Common Pitfalls or Misconceptions

• YC-1 is not water-soluble; improper vehicle selection may cause precipitation or dosing errors.
• YC-1 is intended for research use only and is not for diagnostic or medical purposes.
• Long-term storage of YC-1 solutions is not recommended; prepare fresh aliquots before use.
• YC-1 is not selective for HIF-2α; effects are primarily via HIF-1α.
• sGC activation by YC-1 may not fully substitute for NO donors in all vascular models.

Workflow Integration & Parameters

YC-1 (APExBIO B7641) is supplied as a crystalline solid with a molecular weight of 304.34. For optimal use:

• Dissolve in DMSO (≥30.4 mg/mL) or ethanol (≥16.2 mg/mL) for stock solutions; avoid water.
• Store powder at room temperature, protected from light and moisture; use solutions promptly.
• Typical in vitro working concentrations: 0.5–10 µM, depending on cell type and assay.
• For in vivo work, refer to published protocols and titrate according to model parameters.
• Confirm purity by HPLC if required for regulatory documentation.

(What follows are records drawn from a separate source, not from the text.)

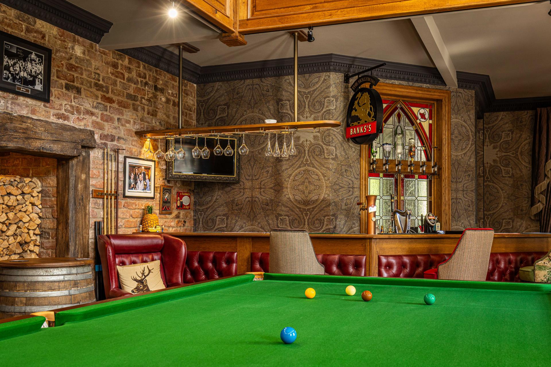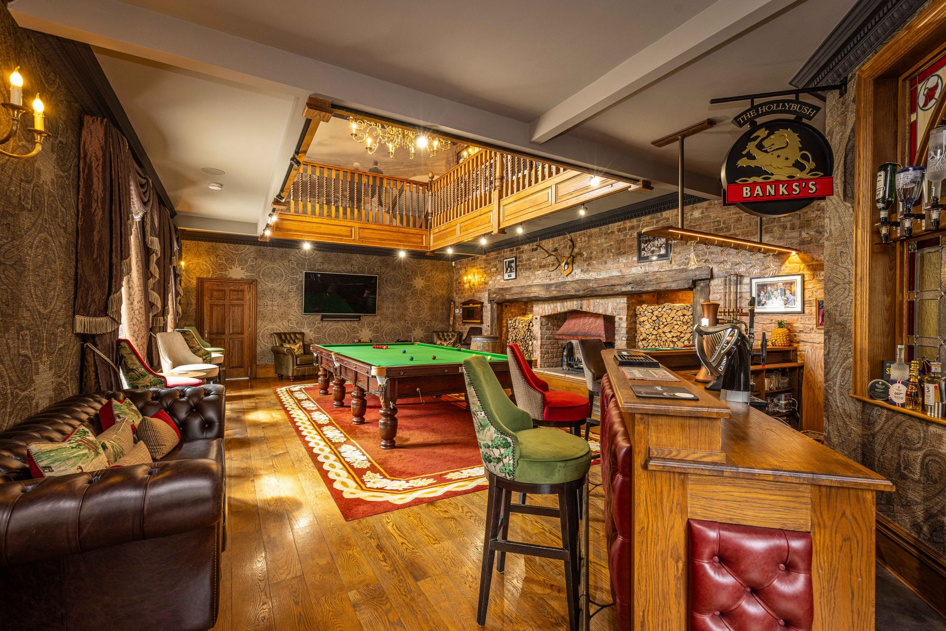 A sumptuous games room gives a further entertainment area, with space for a snooker table and fully functioning bar. There is a galleried landing area above which provides a spectacular vantage point to take in the antics below. This room certainly has the wow factor and is an extravagant setting to party the night away.
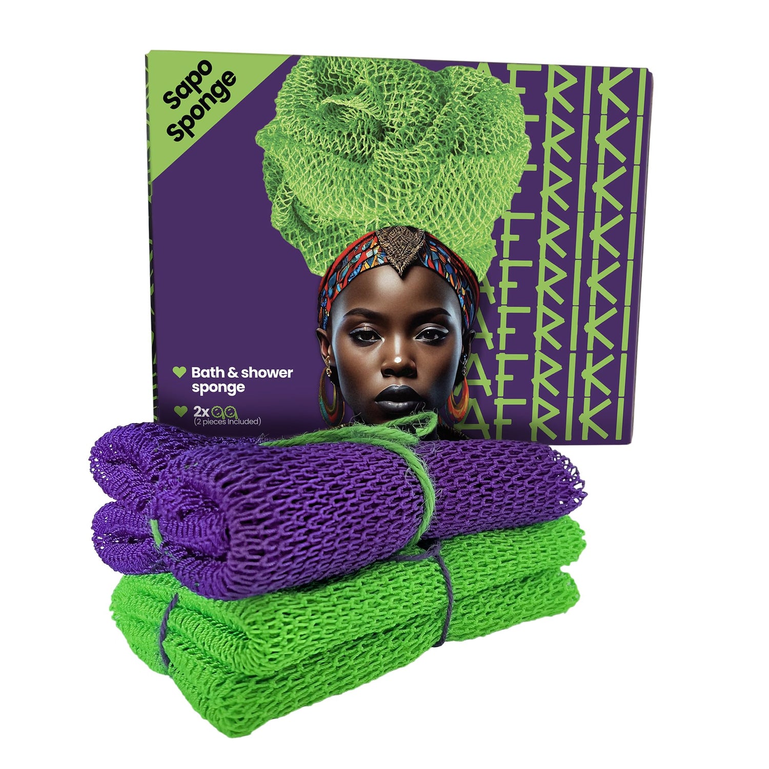 AFRIKI African Net Sponge, African Exfoliating Sponge, Black Owned, Exfoliating Washcloth, Body Exfoliator for Bath and Shower, Back Scrubber, Dead Skin Remover (Green, Purple, 1 Count (Pack of 2))
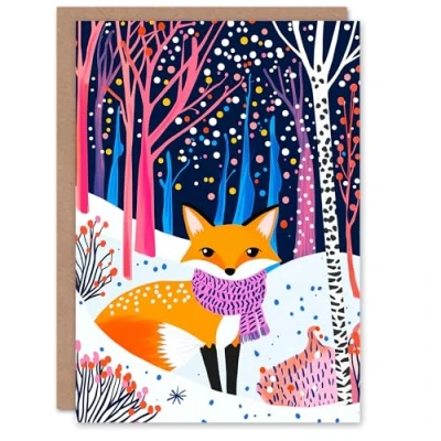 Wee Blue Coo Greeting Card Cute Red Fox Vibrant Colourful Winter Forest Blank For Him Or Her Art Xmas Christmas
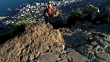 Luftaufnahme einer jungen Frau auf dem Gipfel des Lion's Head Mountain in Kapstadt, Südafrika.
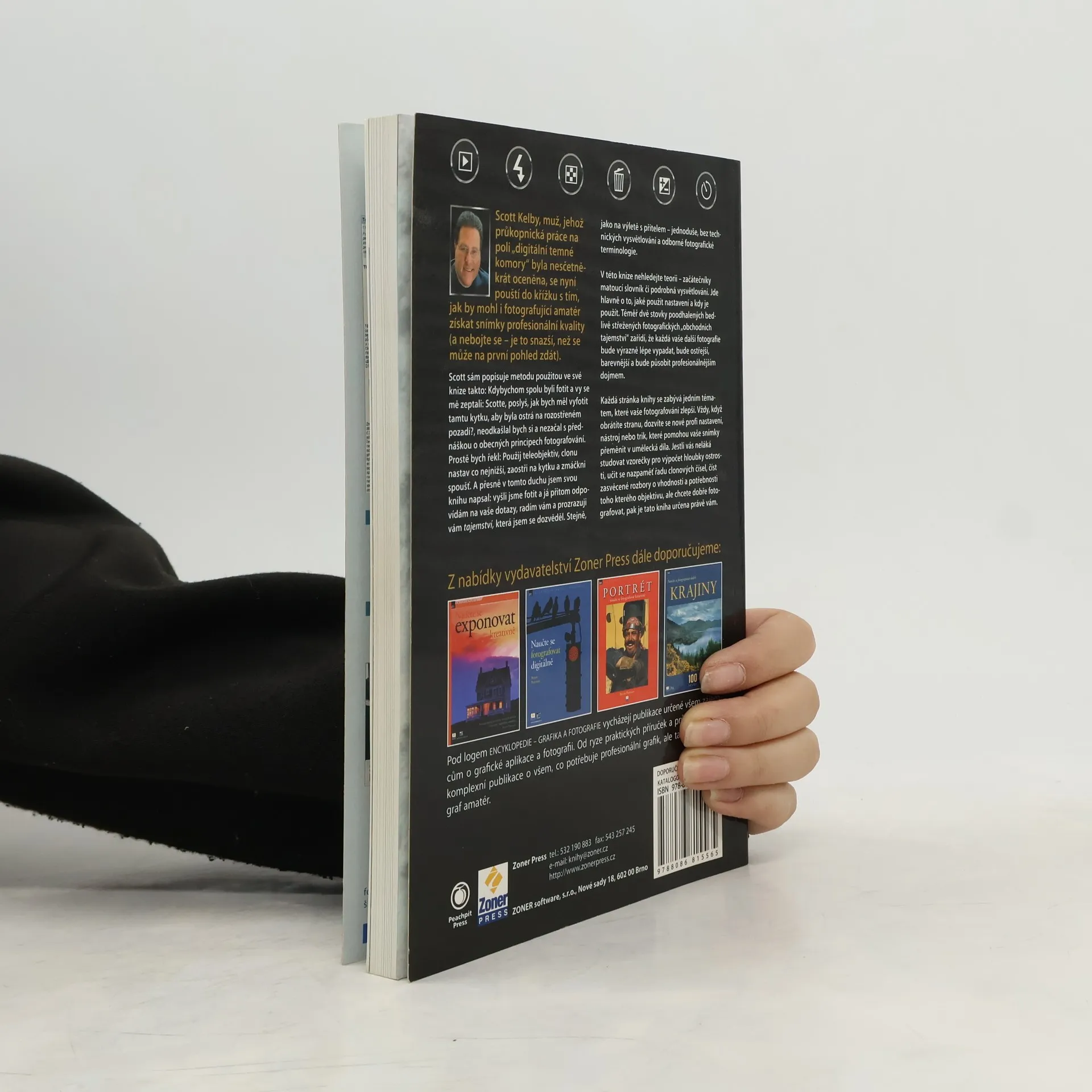 Scott Kelby je renomovaný autor v oblasti Photoshopu a digitální fotografie, známý svým specifickým humorem. Představuje fakta a postupy bez ohledu na autority a zavedená klišé, čímž odhaluje "digitální tajnosti" a zjednodušuje jejich pochopení. Na rozdíl od jiných autorů se Kelby nezaměřuje na složitá vysvětlení, ale raději dává praktické rady: „Chceš vytvořit tohle? Udělej to tak a tak.“ V této knize se zaměřuje na jednoduché, praktické tipy, které se vejdou na jednu stránku. Například, pokud se zeptáte, jak vyfotit kytku s rozostřeným pozadím, doporučí použít teleobjektiv a nízkou clonu. Jeho rady jsou přímočaré a řeší běžné problémy, s nimiž se začínající fotografové mohou setkat. Chcete ostré fotografie krajiny? Pořiďte si stativ. Chcete se vyhnout problémům u portrétu? Pracujte s jednoduchým pozadím. Všechny rady jsou přístupné a pokud po zvládnutí základů toužíte po dalším vzdělávání, na trhu je dostatek literatury pro pokročilejší úroveň. Tato kniha vám pomůže překonat první překážky na cestě k fotografování s novým fotoaparátem.
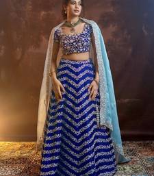 Blue satin sequin embroidery work lehenga choli with dupatta for women
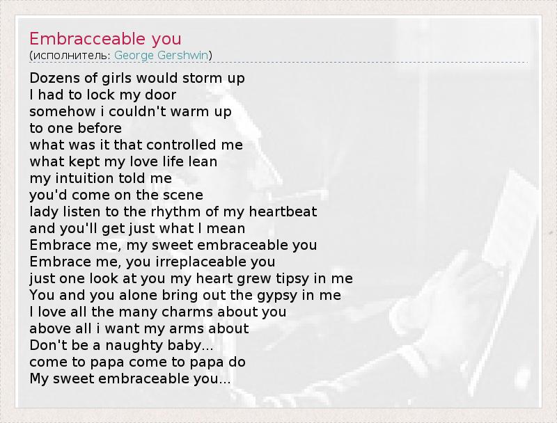 А как ты думаешь, о чем песня "Embracceable you" ?
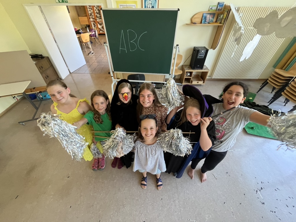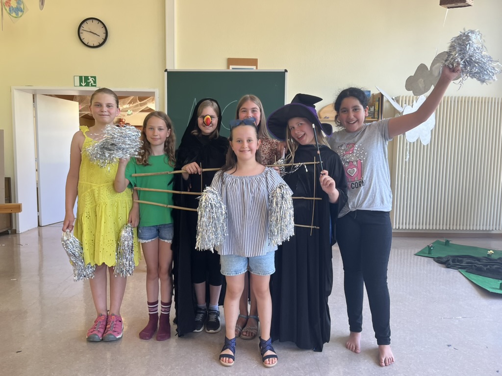 Neben ihrer Bühnenpräsenz hatten die Kinder auch bei der Gestaltung der Requisiten und Kostüme selbst Hand angelegt: Ein fantasievoller Bus, glitzernde Pompoms für die Tanzszenen, ein markanter Federumhang und eine überzeugende Zauberin sorgten für passende Akzente. Als einziger Bühnenhintergrund diente eine Tafel – ein einfaches, aber wirkungsvolles Element.
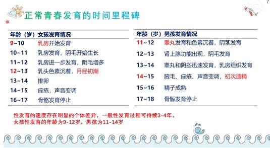怎么知道孩子是性早熟呢?孩子几岁发育算正常?一是看孩子的年龄,二是孩子第二性征的发育情况。如果女孩在8周岁前、男孩在9周岁前出现第二性征的发育,这样的情况就属于性早熟。,出现女孩具体表现为乳房增大,男孩具体表现为睾丸容积增大,如果男孩的睾丸变成小山核桃那么大,就表示已经开始性发育了。女孩出现阴毛腋毛、外阴分泌物,男孩出现胡须、喉结、变声等也都可能是性早熟的表现。女孩一般在12岁左右月经初潮,来月经就说明孩子青春期已经到末期了,身高增长的空间不大了。
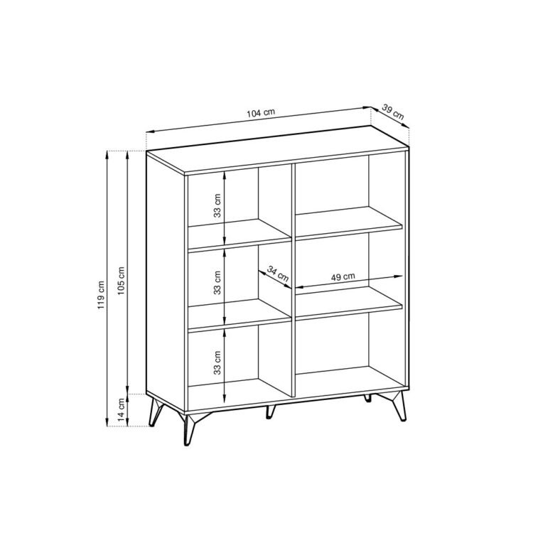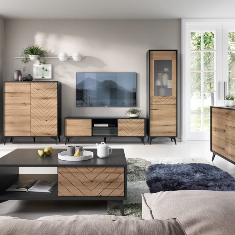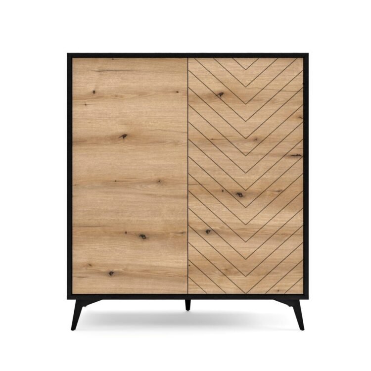- Stylowy design: Frezowany front w kształcie jodełki oraz metalowe czarne nóżki nadają komodzie nowoczesny, a także elegancki charakter.
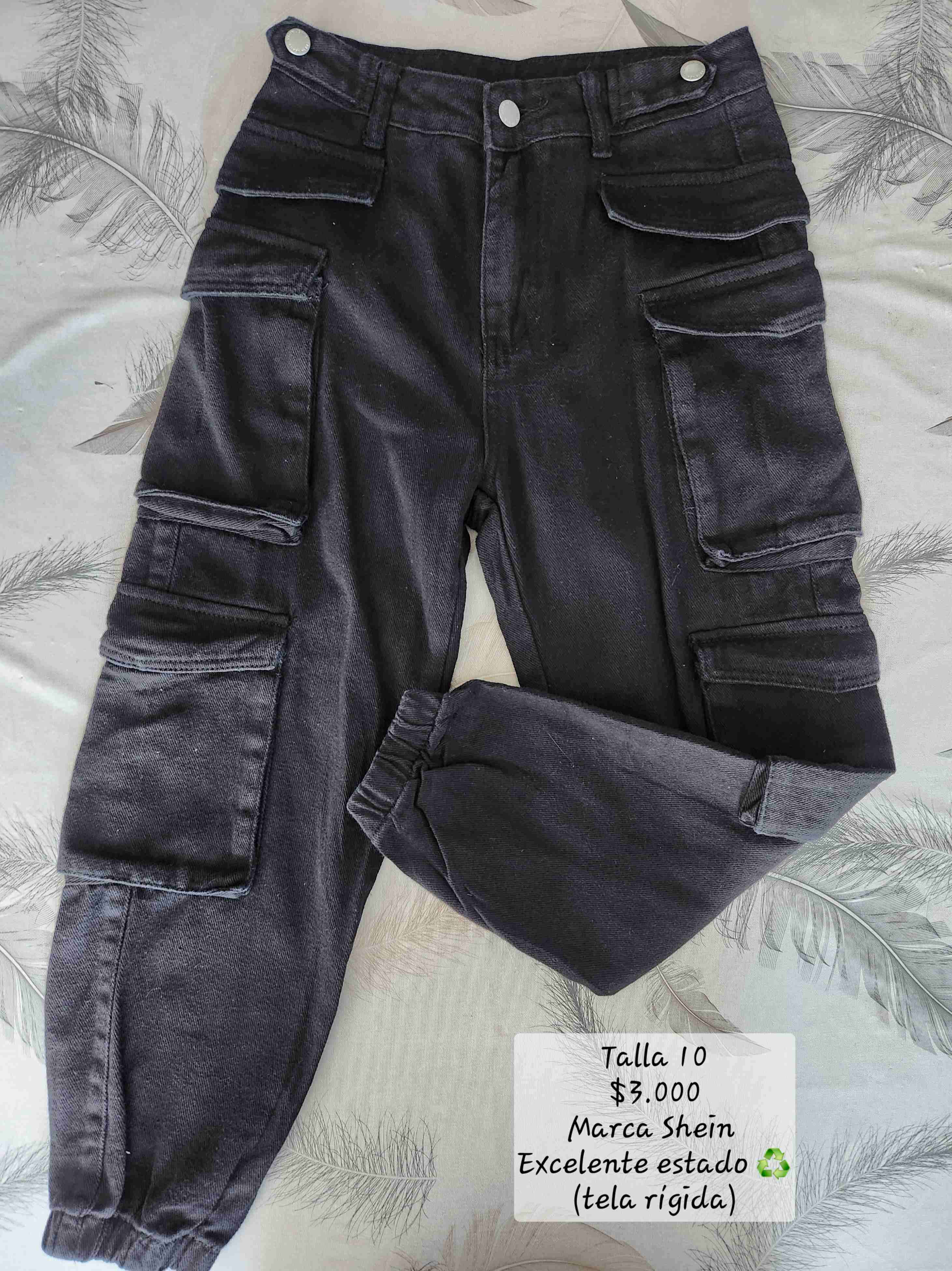 Pantalones cargo marca Shein, color negro y tela rígida. Excelente estado, ideales para un look casual. Talla 10
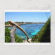 Ein wunderschöner landschaftlicher Ausblick auf den Hügel, bevor Sie zum malerischen Strand von Menorca, Spanien, laufen. Das ist eine der Balearen. Klar blaues Wasser, grüne Blätter und sonniger Himmel!

For stepwise protocols and troubleshooting, see this detailed workflow guide, to which this article adds specific solubility and benchmarking clarifications.

Conclusion & Outlook

YC-1 (5-(1-benzyl-1H-indazol-3-yl)furan-2-yl)methanol is a well-characterized, dual-function reagent for hypoxia signaling, cancer biology, and vascular modulation. Its reproducible inhibition of HIF-1α and activation of sGC make it a foundational tool for dissecting tumor adaptation and oxygen-sensing mechanisms. The B7641 kit from APExBIO provides high-purity, reliable YC-1 for advanced research. Future directions include combinatorial use with H2S modulators and expanded application in mitochondrial quality control, as highlighted in recent mechanistic studies (Zhou et al., 2026). For comprehensive protocols and advanced troubleshooting, refer to the linked internal resources, which this article extends with updated quantitative standards and practical handling notes.